(THE INPUT begins)

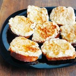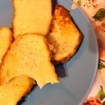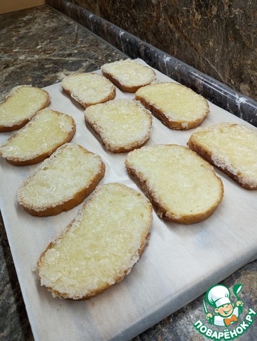 1. Багет, булочку, рожок или батон нарезать тонкими ломтиками.
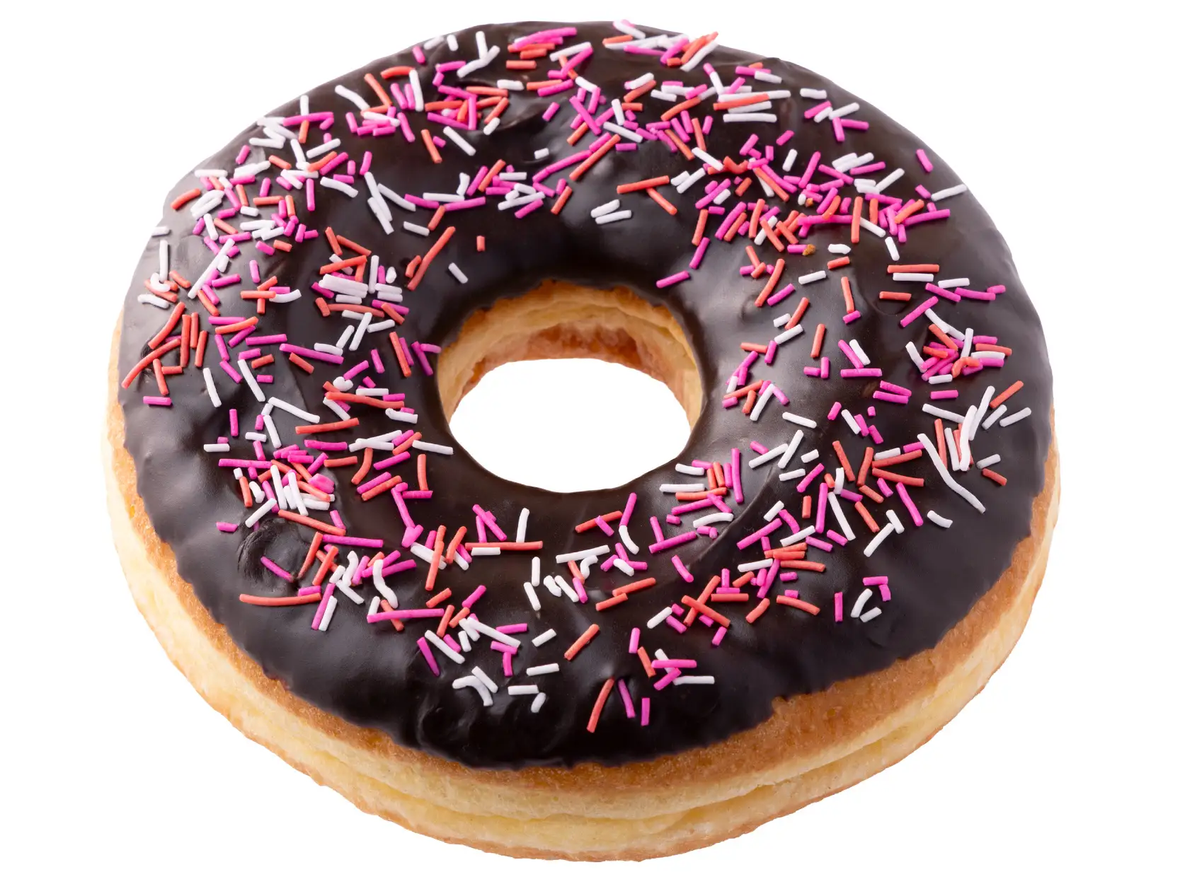 ふんわり食感のドーナツに、鮮やかなピンクのアイシングとカラフルなスプリンクルをトッピングしました。
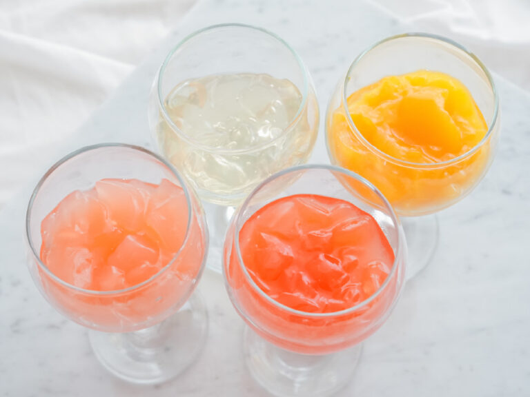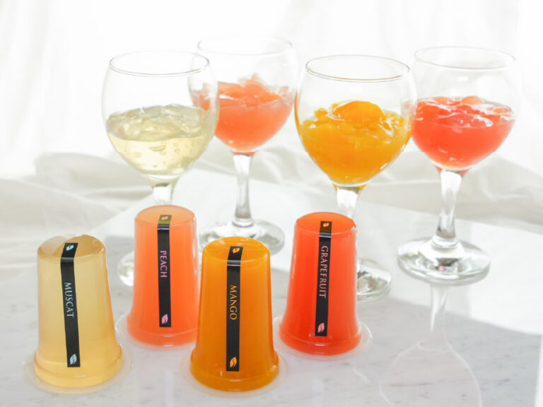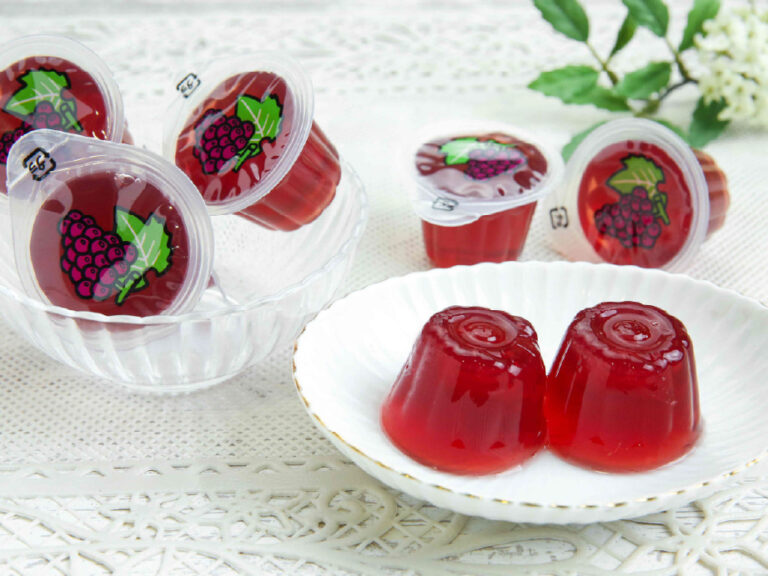 オーガニックぶどう果汁(コンコード)を使用し、一口サイズのミニカップ入りゼリーにしました。 -
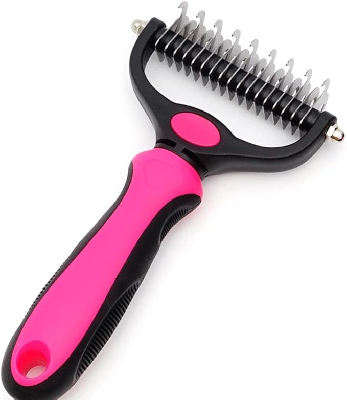 - EASY TO USE & SAFE FOR PETS: The blades rake brush for dogs and cats are rounded to gently massage your pet while removing loos hair. Made with rubber handle and stainless steel on brush sides. Its convenient grooming tool to use along coated breed.
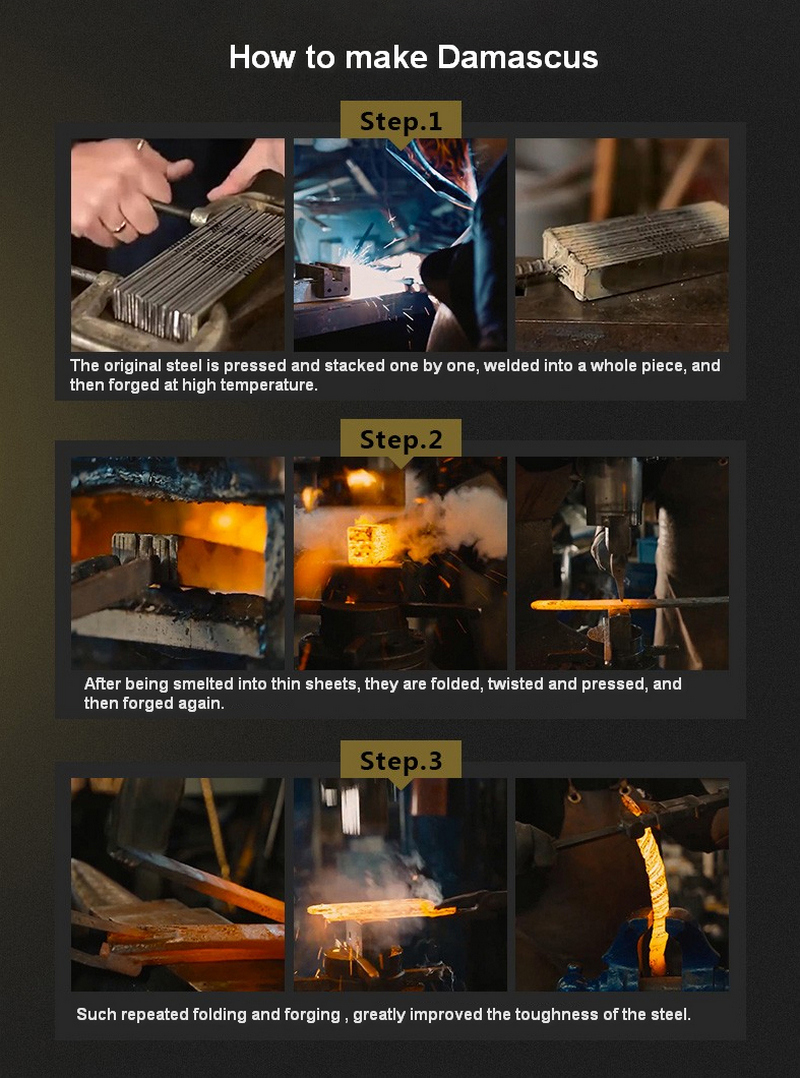 The manufacture of modern Damascus steel greatly saves labor and costs. Forging and welding are used to stack steels with different carbon contents for heating, folding and forging until they are integrated, so it is also called pattern welded steel. Damascus steel made by folding and forging technology has more obvious pattern characteristics. This kind of pattern may be hidden or visible, and some of it can be revealed during forging, but under normal circumstances, it must be corroded by acid to appear.
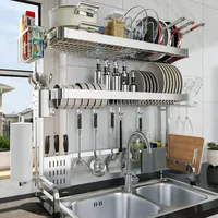 Customizable Multi Organizer Cabinet Steel Over The Sink Dish Drying Rack 3-Tier Utensil Cup
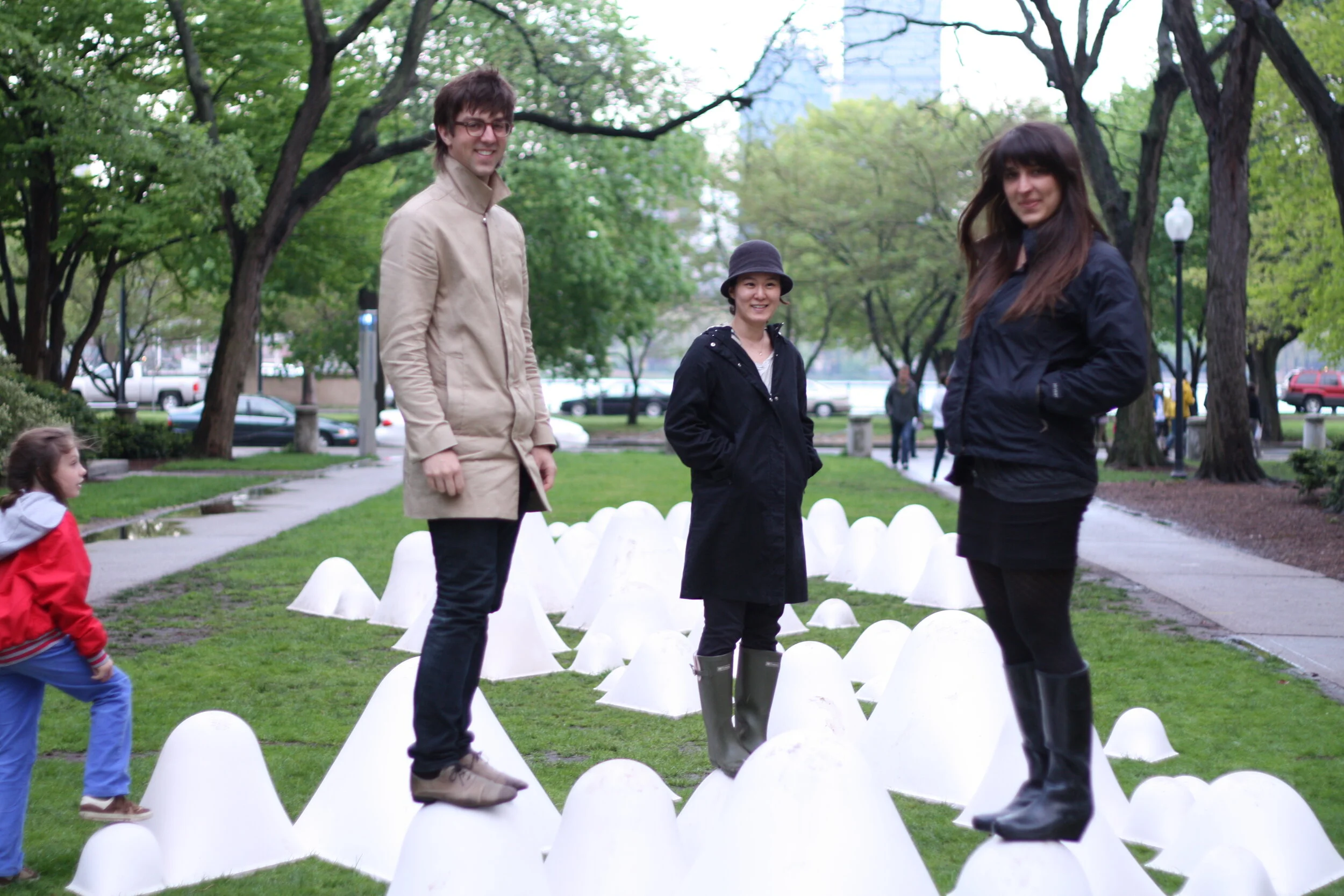 Recipient of MIT Arts Grant, this team installation project selected for MIT’s 150th anniversary celebration of Festival of Arts Science and Technology. Gradated Field is an investigation of casting plaster into thin sheet latex to produce a variety of catenary curvature. The installation created an inhabitable landscape that encourages a variety of interactions ranging from meandering by, to sitting, relaxing and lounging against the smooth plaster shapes.
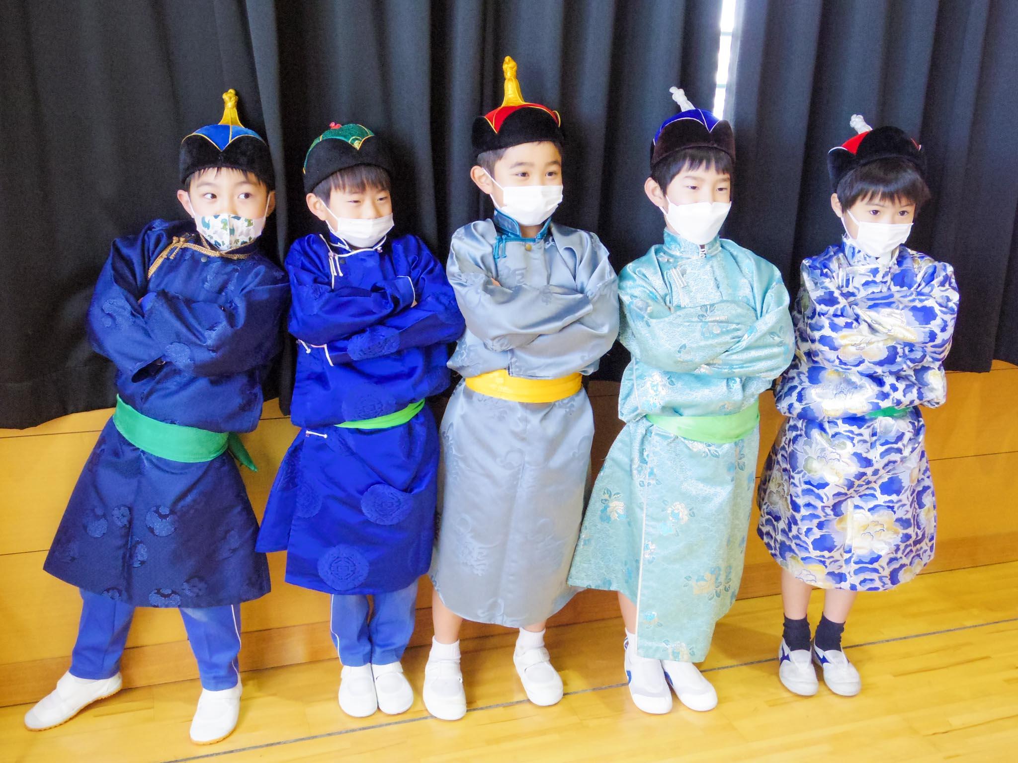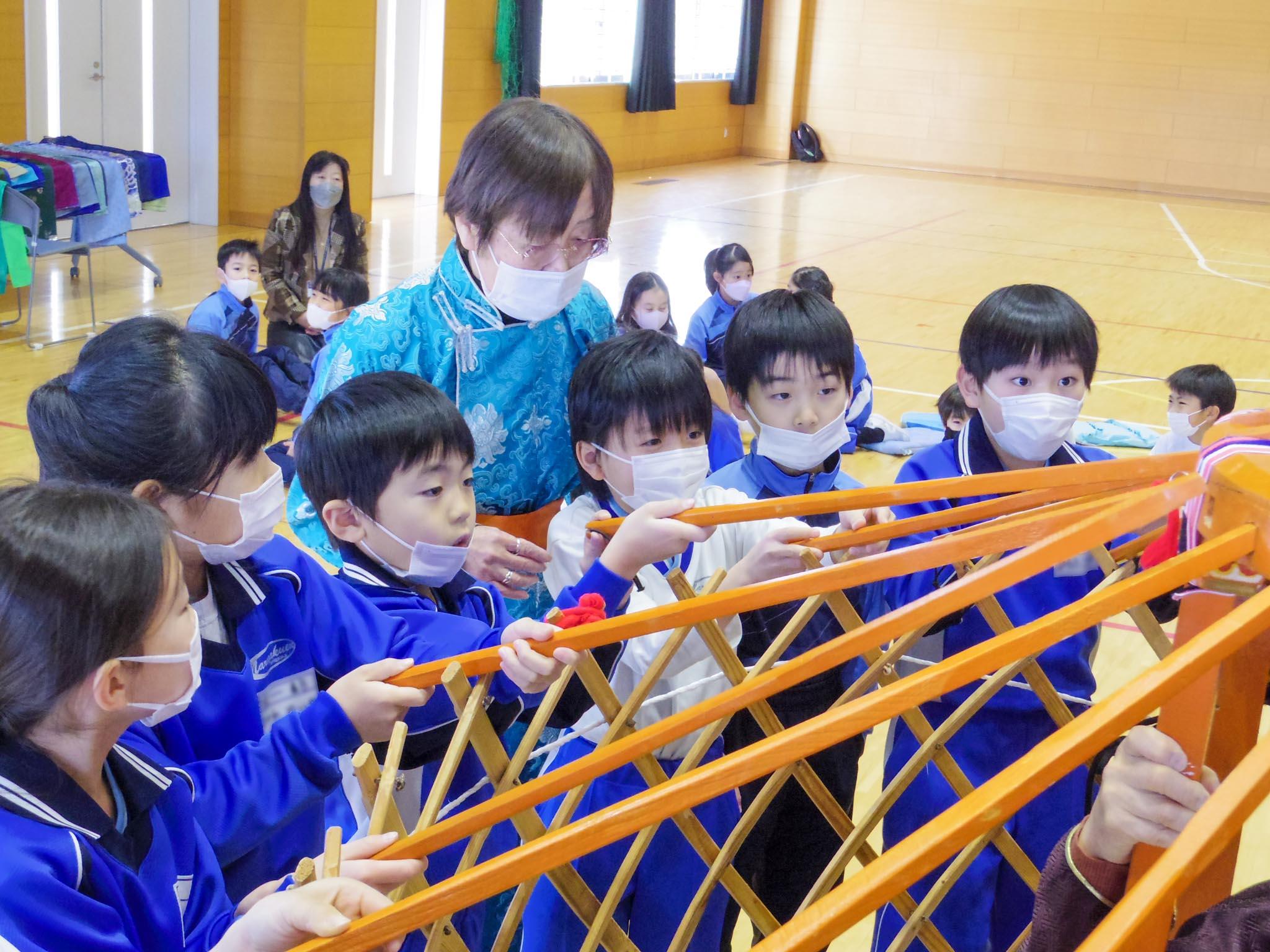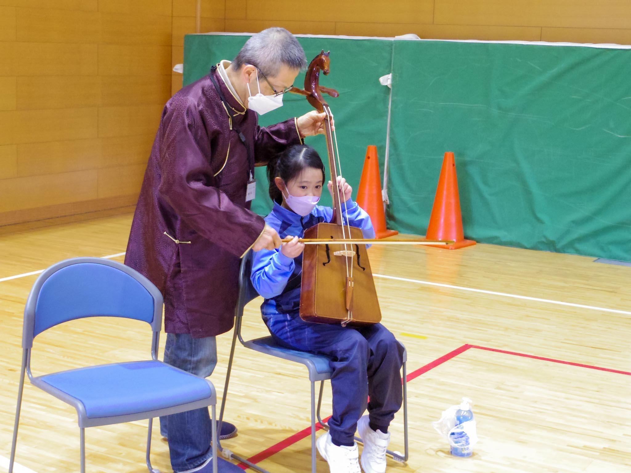 次に3チームに分かれて、ミニゲル、伝統衣装、馬頭琴の3つを体験して回りました。ミニゲルの中に入った児童たちは、とてもわくわくした様子です。また、5本の指を使って遊ぶモンゴルじゃんけんのやり方も教わりました。馬頭琴は『スーホの白い馬』で描かれる非常に重要な楽器です。今日の馬頭琴はおもに木製ですが、演奏の姿勢や弓の動かし方を習い、一人一人が実際の馬頭琴に触れて、馬の尾毛を張った弦が奏でる音を聴くことができました。伝統衣装のデールはきらびやかな刺繍を施した衣服です。美しく飾られた帽子を選んでかぶり、記念撮影をしました。普段の教室を飛び出して、生き生きと文化に触れる特別授業でした。
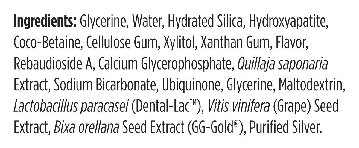 PerioBiotic Silver is a fluoride-free, probiotic toothpaste with whitening hydroxyapatite, purified silver, CoQ10, grape seed extract, and Dental-Lac, a strain of Lactobacillus paracasei. Dental-Lac has been shown in clinical research to help support oral microbial balance and periodontal health. Hydroxyapatite is the primary structural component of enamel. PerioBiotic Silver may help maintain clean, bright teeth, while supporting normal remineralization and overall shine. Suitable for individuals concerned with sensitivity.
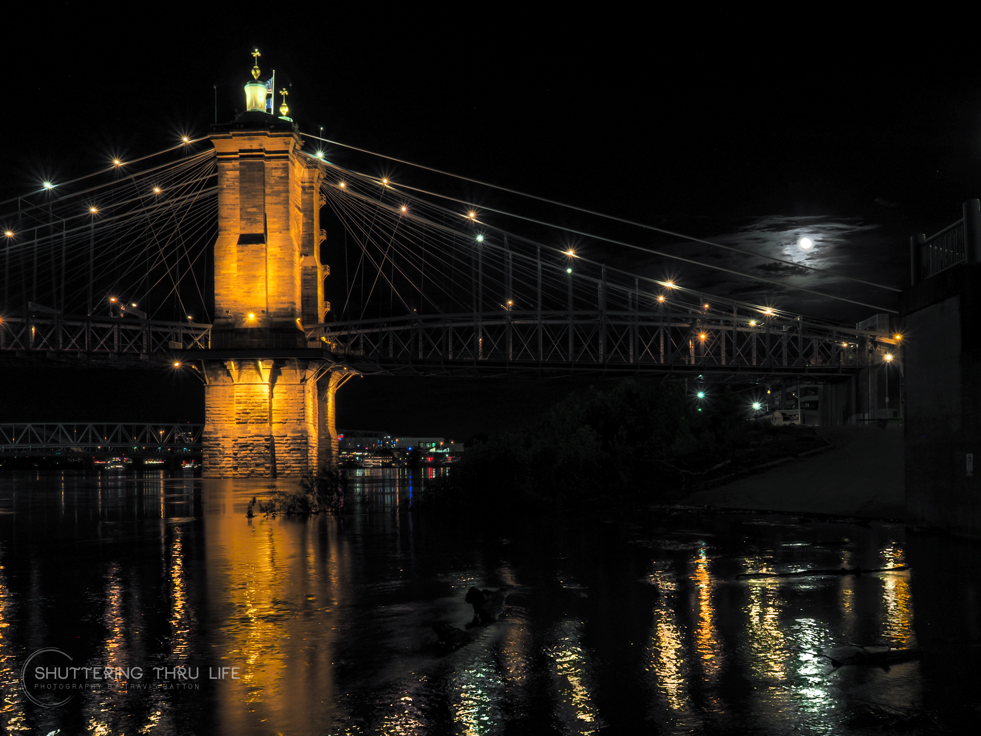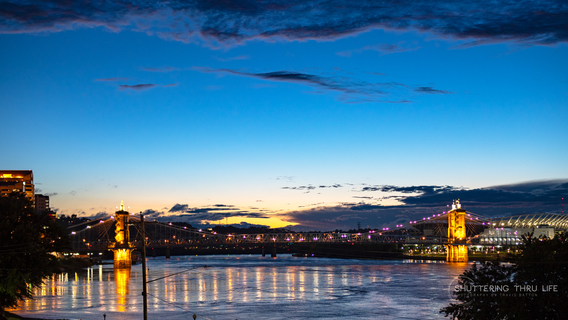 After I made the above shot, I figured I would grab a bite to eat and head back to the hotel. As I walked back to my car, the scene of the illuminated John A. Roebling Bridge grabbed my attention. The clearing blue sky with a hint of color at the horizon was the perfect backdrop for the bridge and the reflections in the Ohio River.

(THE INPUT ends)

→ **DIRECTIONS**:
A word-for-word repetition of the data above, without pictures, is the expected answer.

→ **RESPONSE**:
 1. Багет, булочку, рожок или батон нарезать тонкими ломтиками.
 ふんわり食感のドーナツに、鮮やかなピンクのアイシングとカラフルなスプリンクルをトッピングしました。
 オーガニックぶどう果汁(コンコード)を使用し、一口サイズのミニカップ入りゼリーにしました。 -
 - EASY TO USE & SAFE FOR PETS: The blades rake brush for dogs and cats are rounded to gently massage your pet while removing loos hair. Made with rubber handle and stainless steel on brush sides. Its convenient grooming tool to use along coated breed.
 The manufacture of modern Damascus steel greatly saves labor and costs. Forging and welding are used to stack steels with different carbon contents for heating, folding and forging until they are integrated, so it is also called pattern welded steel. Damascus steel made by folding and forging technology has more obvious pattern characteristics. This kind of pattern may be hidden or visible, and some of it can be revealed during forging, but under normal circumstances, it must be corroded by acid to appear.
 Customizable Multi Organizer Cabinet Steel Over The Sink Dish Drying Rack 3-Tier Utensil Cup
 Recipient of MIT Arts Grant, this team installation project selected for MIT’s 150th anniversary celebration of Festival of Arts Science and Technology. Gradated Field is an investigation of casting plaster into thin sheet latex to produce a variety of catenary curvature. The installation created an inhabitable landscape that encourages a variety of interactions ranging from meandering by, to sitting, relaxing and lounging against the smooth plaster shapes.
 次に3チームに分かれて、ミニゲル、伝統衣装、馬頭琴の3つを体験して回りました。ミニゲルの中に入った児童たちは、とてもわくわくした様子です。また、5本の指を使って遊ぶモンゴルじゃんけんのやり方も教わりました。馬頭琴は『スーホの白い馬』で描かれる非常に重要な楽器です。今日の馬頭琴はおもに木製ですが、演奏の姿勢や弓の動かし方を習い、一人一人が実際の馬頭琴に触れて、馬の尾毛を張った弦が奏でる音を聴くことができました。伝統衣装のデールはきらびやかな刺繍を施した衣服です。美しく飾られた帽子を選んでかぶり、記念撮影をしました。普段の教室を飛び出して、生き生きと文化に触れる特別授業でした。
 PerioBiotic Silver is a fluoride-free, probiotic toothpaste with whitening hydroxyapatite, purified silver, CoQ10, grape seed extract, and Dental-Lac, a strain of Lactobacillus paracasei. Dental-Lac has been shown in clinical research to help support oral microbial balance and periodontal health. Hydroxyapatite is the primary structural component of enamel. PerioBiotic Silver may help maintain clean, bright teeth, while supporting normal remineralization and overall shine. Suitable for individuals concerned with sensitivity.
 After I made the above shot, I figured I would grab a bite to eat and head back to the hotel. As I walked back to my car, the scene of the illuminated John A. Roebling Bridge grabbed my attention. The clearing blue sky with a hint of color at the horizon was the perfect backdrop for the bridge and the reflections in the Ohio River.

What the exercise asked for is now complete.